Linda Castelli: We're part of the, I can't even remember the name of it, but Florida has mandated that we all reply to the database requests when they, updating all of our access, I mean, all of our systems. Make sure that we have our helicopter available. How many beds we have available, how many ICU beds. How many pediatric beds. All the different levels of care. Our security, one of the security folks who's responsible for maintaining that communication with the state of Florida, solely utilizes TeleTracking to get the answers for the questions that are in their database. So all of the census information, it just flows right over. We've created of spreadsheet. They just go in, plug in the numbers, get sent to him on a timely, so he can report it to the state. I can foresee at some point we will have an actual interface between TeleTracking and the state. And we will just hit a button and we won't have to do any calculating. So that's what I see for the future.

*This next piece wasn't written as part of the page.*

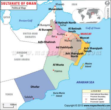 오만은 아라비아반도 동남부에 있는 나라로 아랍에미리트, 사우디아라비아, 예멘과 국경이 맞닿아 있다. 석유와 천연가스가 나기 때문에 중동에서 비교적 부유한 편에 속한다. 오만은 포르투갈의 지배를 받기도 했으며 영국의 보호를 받다가 1951년에 독립했다. 주변 다른 나라들에 비해 20년 먼저 영국으로부터 독립했다.
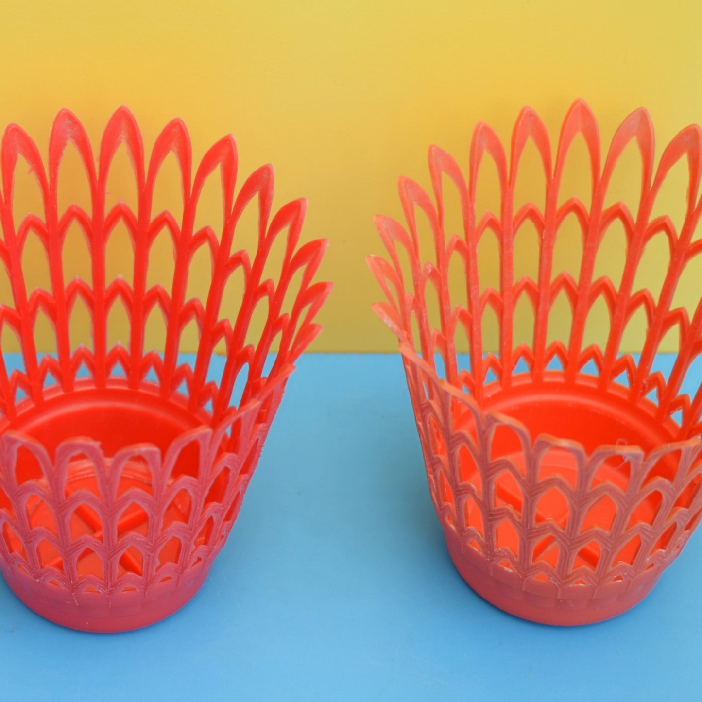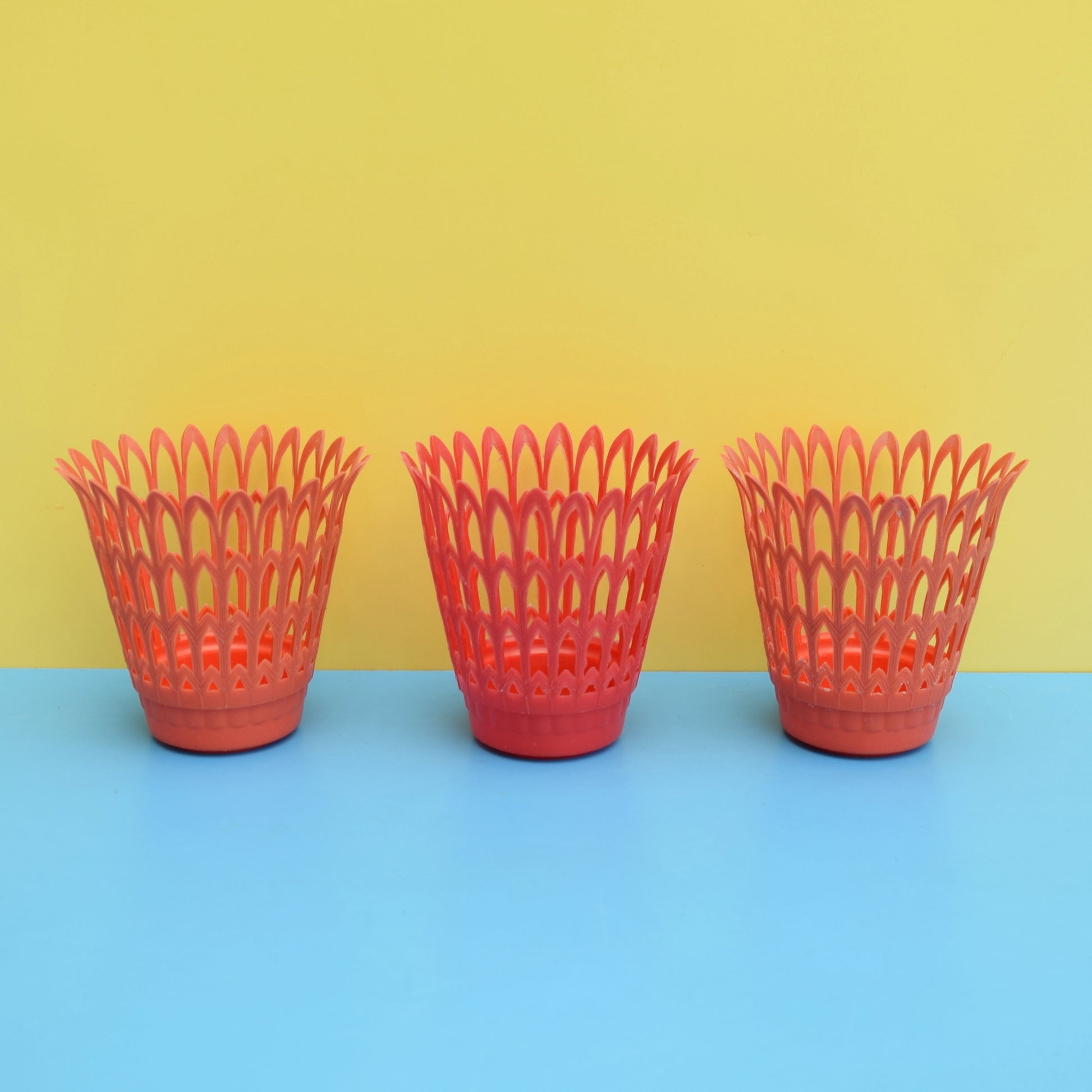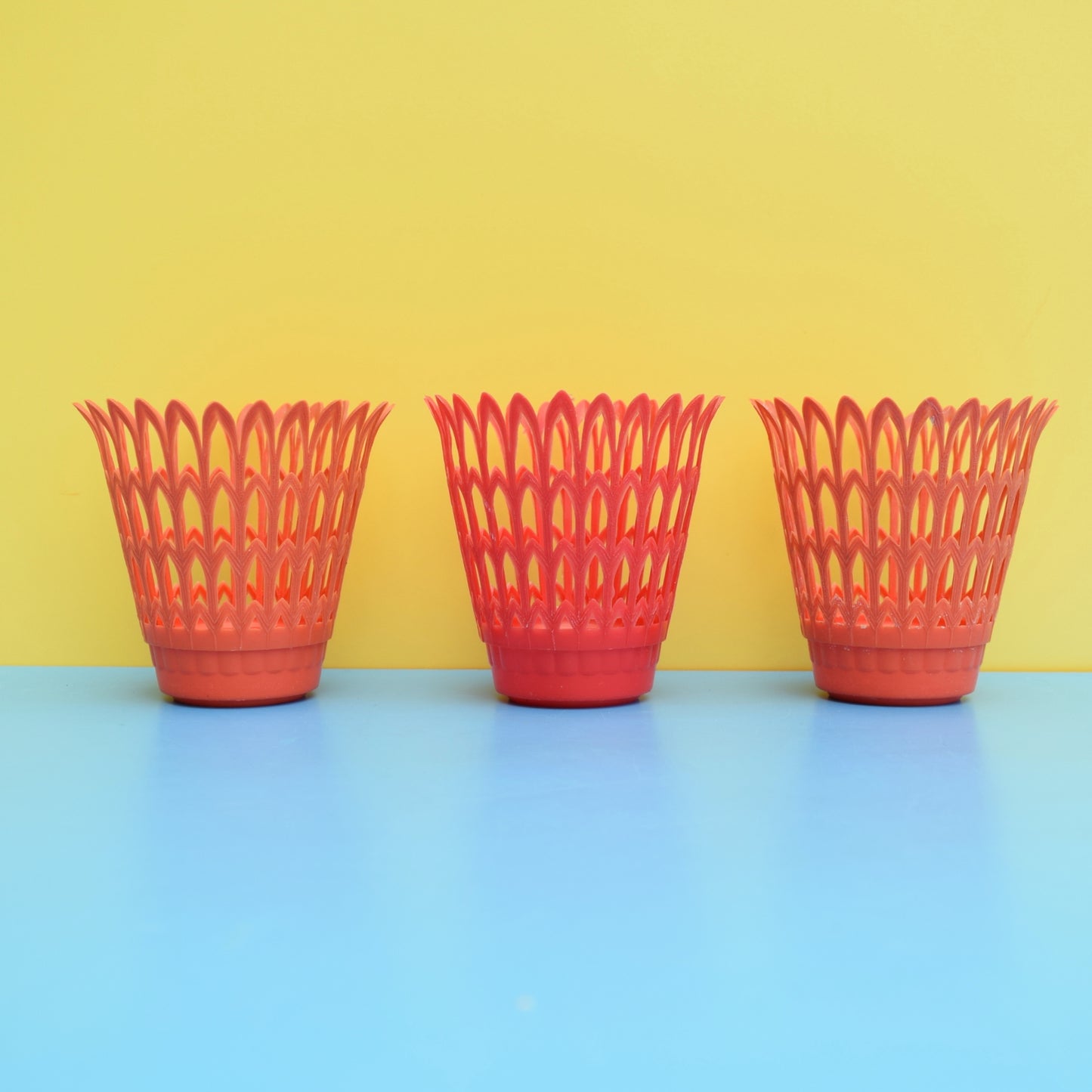 Vintage 1960s Plastic Cactus Plant Pots - Red & Orange

Luann Tirelli: I hope so, too.
Linda Castelli: Me, too.
Interviewer: I hope so, too.
Luann Tirelli: And I think our organization sees for the future that we need to remain partners in patient population management so much so that when we do have a hurricane, Linda's team and my team, we have to relocate to an area that's safe. When we first started this going back, I think it was about 2013, 14, they said to my department, "Oh, we're just going to close the eICU." And I think you guys went to a skeleton crew, just one or two people here and there.
Linda Castelli: At Holmes, at our big tertiary facility, which was a nightmare.

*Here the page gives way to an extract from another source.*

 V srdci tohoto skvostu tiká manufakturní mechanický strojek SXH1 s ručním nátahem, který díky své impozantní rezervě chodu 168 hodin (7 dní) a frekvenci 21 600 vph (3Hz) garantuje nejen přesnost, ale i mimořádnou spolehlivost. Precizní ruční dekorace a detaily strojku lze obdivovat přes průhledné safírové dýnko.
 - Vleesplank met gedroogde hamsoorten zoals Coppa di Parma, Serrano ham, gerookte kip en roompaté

Luann Tirelli: And within, I think, it wasn't even 24 hours, we were just coming out of the disaster period. They said, "How quickly can you get your teams back and running?" So it was nice to see the value in that they missed us for that time and they understand that now. So looking into the future, they are looking to relocate us to an area where we don't have to pick up and move for hurricanes. But we've, I hate to say, have gotten quite expert at it now. But our system is trying to figure that out. Where the next role is and where we need to be as a command center in a space that we can grow into instead of grow out of.
Linda Castelli: Right.
Luann Tirelli: Because we're now growing out of what we have so far. So we're not sure where we're going, but in the future we're going somewhere.
Interviewer: Any final thoughts? Anything you'd like to add?
Linda Castelli: That's a loaded question now. I've been a TeleTracking and throughput promoter from literally day one because like I said, we had pieces of paper everywhere. But TeleTracking to me has met every single challenge. Every time we asked them for something, they not only have responded, they have come up with even more for us to move together in the future. So partnering with TeleTracking, I think, has been the key to our success in the last 15 years of decreasing those wait times. Improving the communication. When we first went live, the nurses on the floor wanted nothing to do with it. We had a downtime a few years ago. They didn't know how to act without their TeleTracking.
Speaker 1: It's just ingrained in the culture now.
Linda Castelli: 180 degrees opposite from that. "I don't want anything to do with it" to "Oh, my God. I can't live without it." So that is a testament to the work that you guys continue to do, improving throughput for and really improving patient care.
Luann Tirelli: And I think conferences like this are very beneficial because it allows you the ability to network. To see what's up and coming. And I go home inspired with lots of ideas-
Linda Castelli: Me, too.
Luann Tirelli: ... of how can we make it better for our organization, for our patients, for our staff. So I think there's great benefit in coming to conferences like this.